** What to work on **
The full listing, returned exactly and free of pictures, is the expected answer.

** Given material **
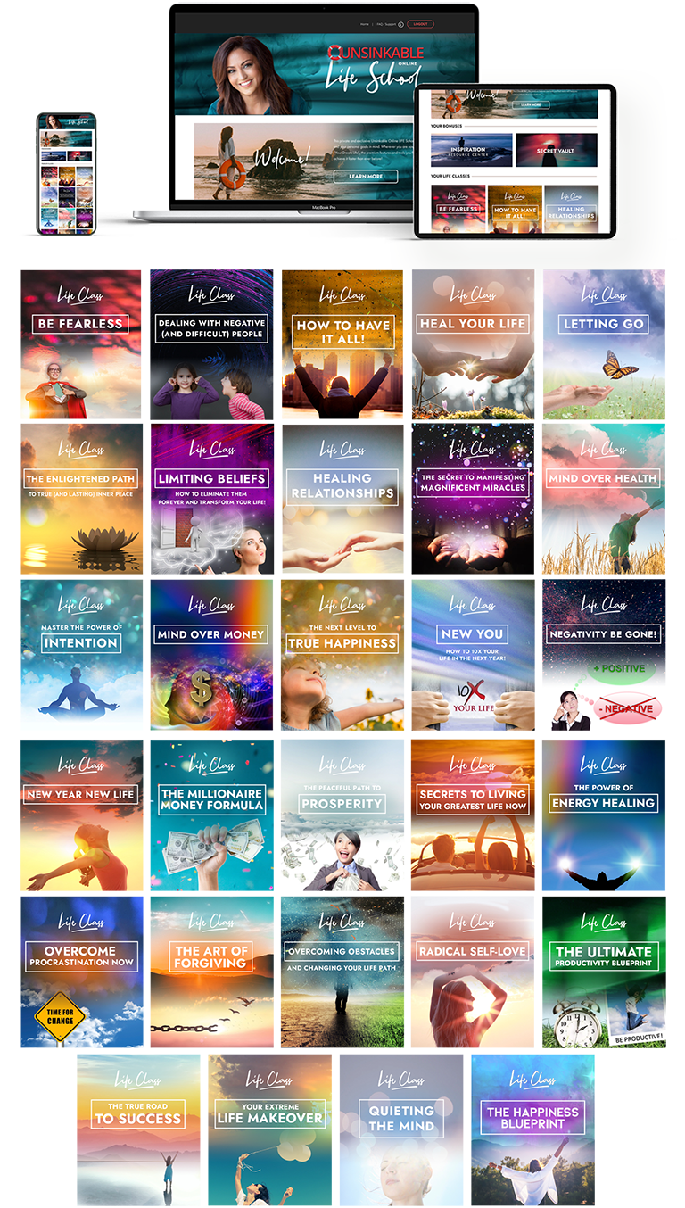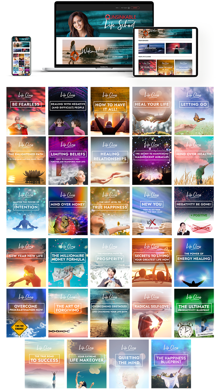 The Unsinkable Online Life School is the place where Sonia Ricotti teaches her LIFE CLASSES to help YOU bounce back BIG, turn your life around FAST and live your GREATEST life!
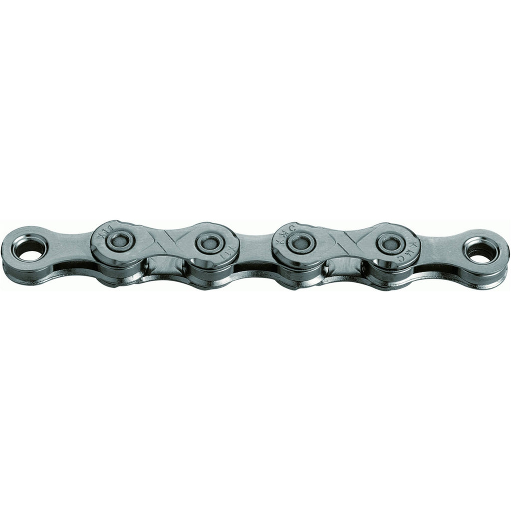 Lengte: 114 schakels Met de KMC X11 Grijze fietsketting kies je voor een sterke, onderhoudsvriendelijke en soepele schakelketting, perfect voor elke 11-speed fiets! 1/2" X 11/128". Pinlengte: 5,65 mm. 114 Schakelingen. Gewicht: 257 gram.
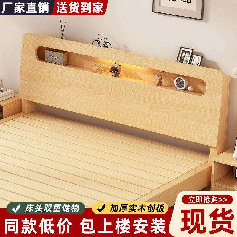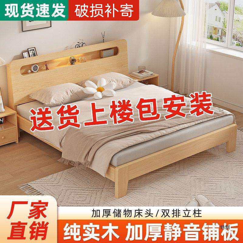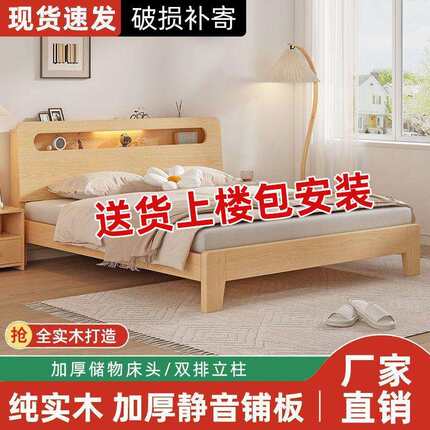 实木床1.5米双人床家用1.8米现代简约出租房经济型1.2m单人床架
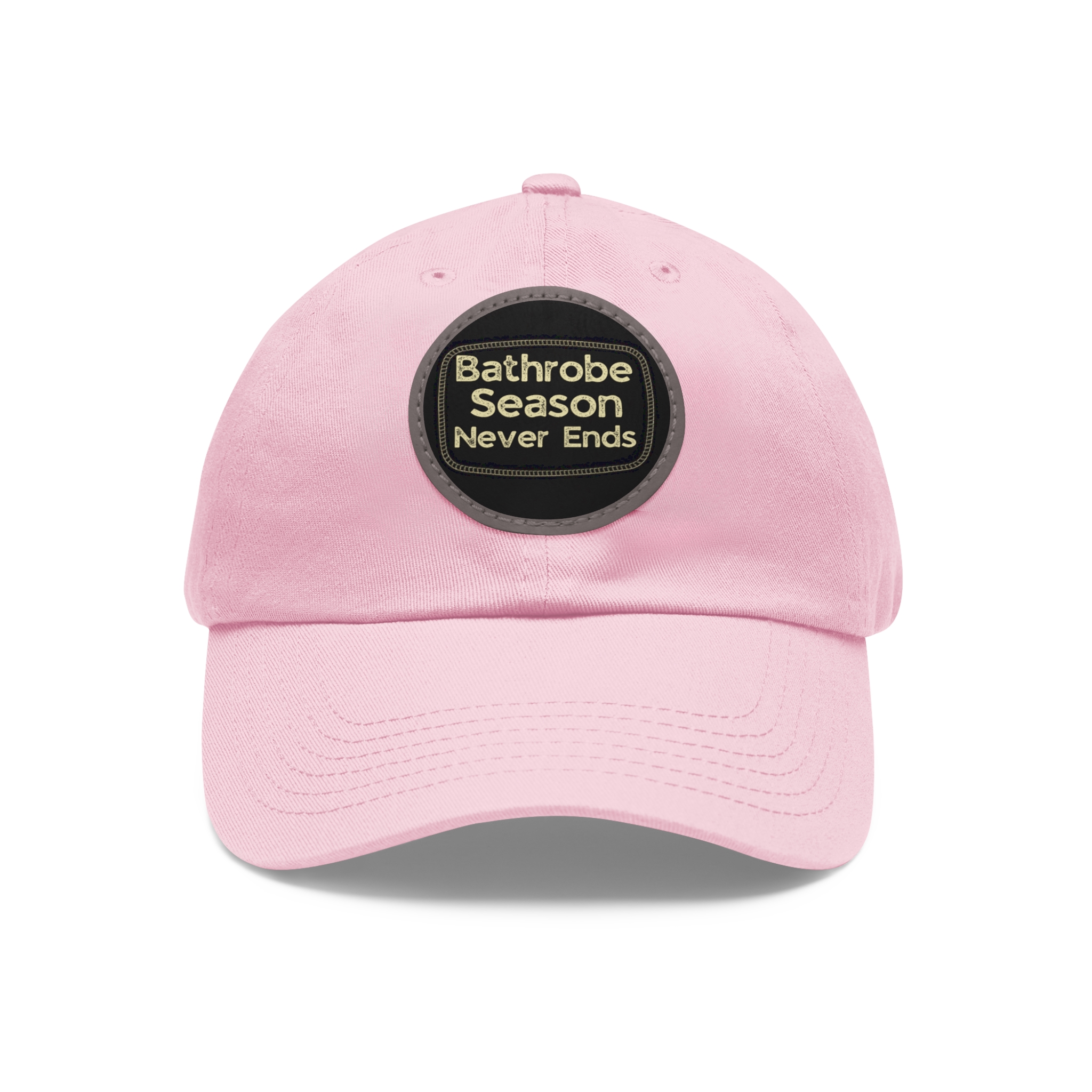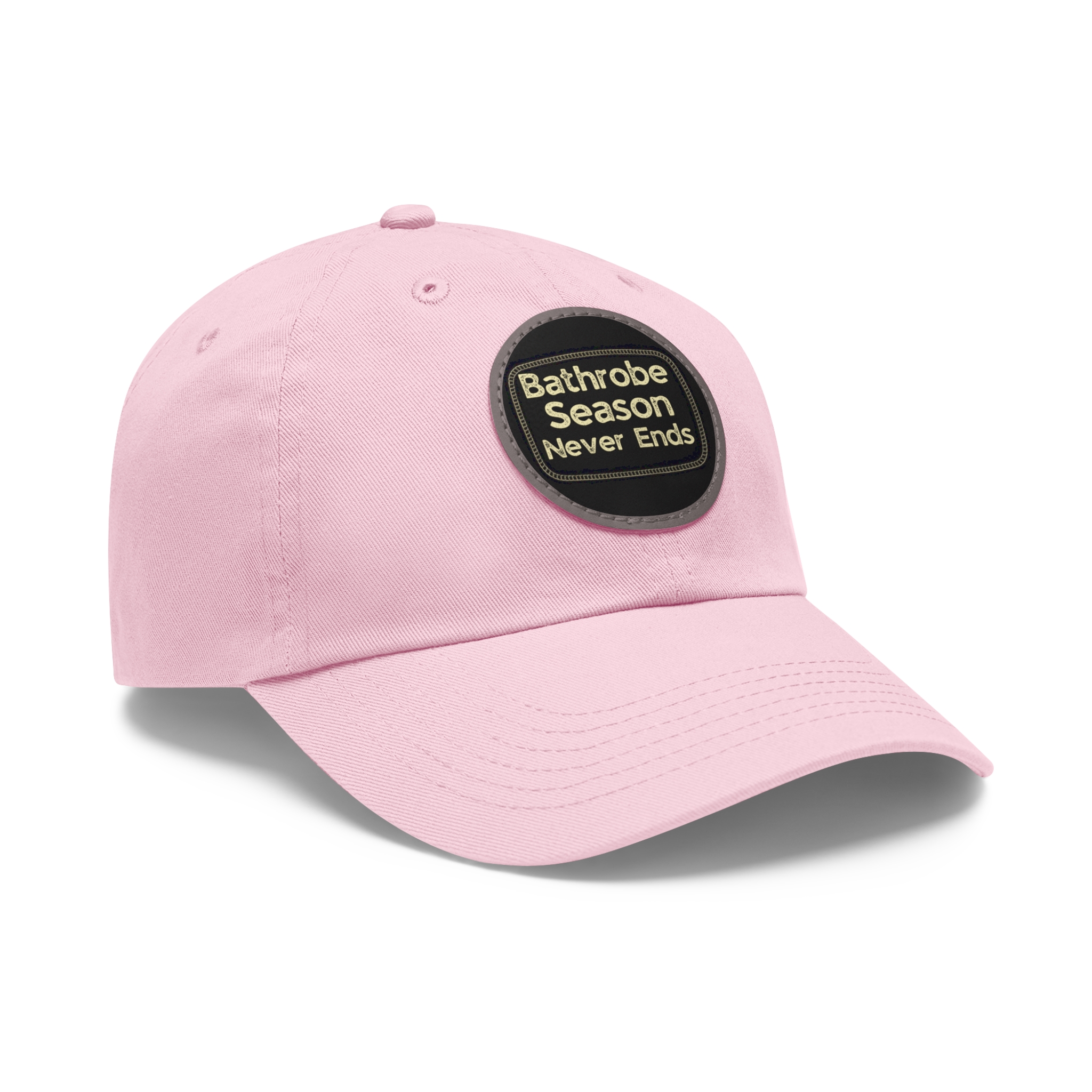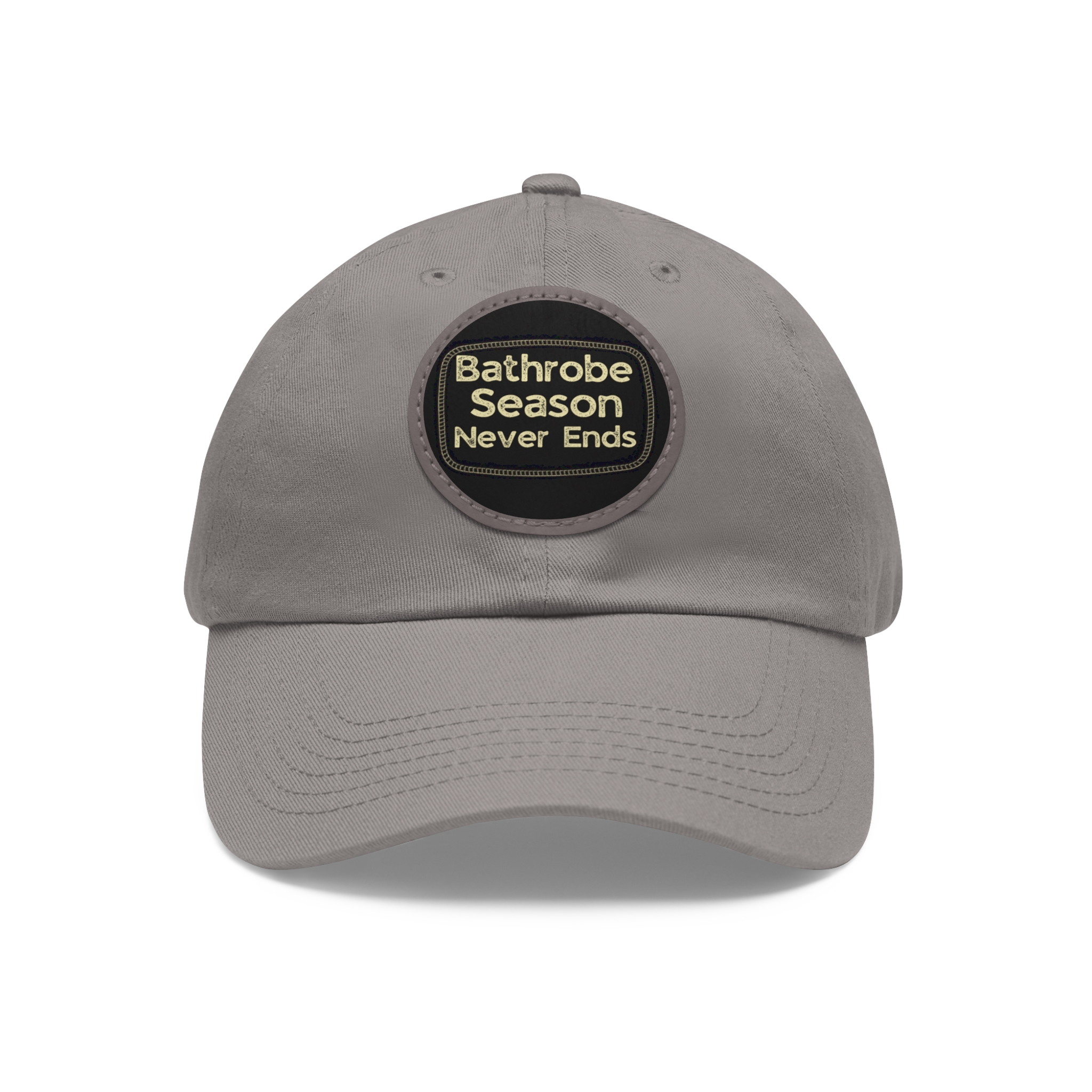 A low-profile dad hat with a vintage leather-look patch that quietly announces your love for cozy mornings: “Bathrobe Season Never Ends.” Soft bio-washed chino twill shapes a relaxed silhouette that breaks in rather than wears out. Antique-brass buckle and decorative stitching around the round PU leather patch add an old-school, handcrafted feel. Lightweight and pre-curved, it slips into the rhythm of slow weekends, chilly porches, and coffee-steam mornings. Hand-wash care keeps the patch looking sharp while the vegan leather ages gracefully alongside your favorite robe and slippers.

** Exercise output **
 The Unsinkable Online Life School is the place where Sonia Ricotti teaches her LIFE CLASSES to help YOU bounce back BIG, turn your life around FAST and live your GREATEST life!
 Lengte: 114 schakels Met de KMC X11 Grijze fietsketting kies je voor een sterke, onderhoudsvriendelijke en soepele schakelketting, perfect voor elke 11-speed fiets! 1/2" X 11/128". Pinlengte: 5,65 mm. 114 Schakelingen. Gewicht: 257 gram.
 实木床1.5米双人床家用1.8米现代简约出租房经济型1.2m单人床架
 A low-profile dad hat with a vintage leather-look patch that quietly announces your love for cozy mornings: “Bathrobe Season Never Ends.” Soft bio-washed chino twill shapes a relaxed silhouette that breaks in rather than wears out. Antique-brass buckle and decorative stitching around the round PU leather patch add an old-school, handcrafted feel. Lightweight and pre-curved, it slips into the rhythm of slow weekends, chilly porches, and coffee-steam mornings. Hand-wash care keeps the patch looking sharp while the vegan leather ages gracefully alongside your favorite robe and slippers.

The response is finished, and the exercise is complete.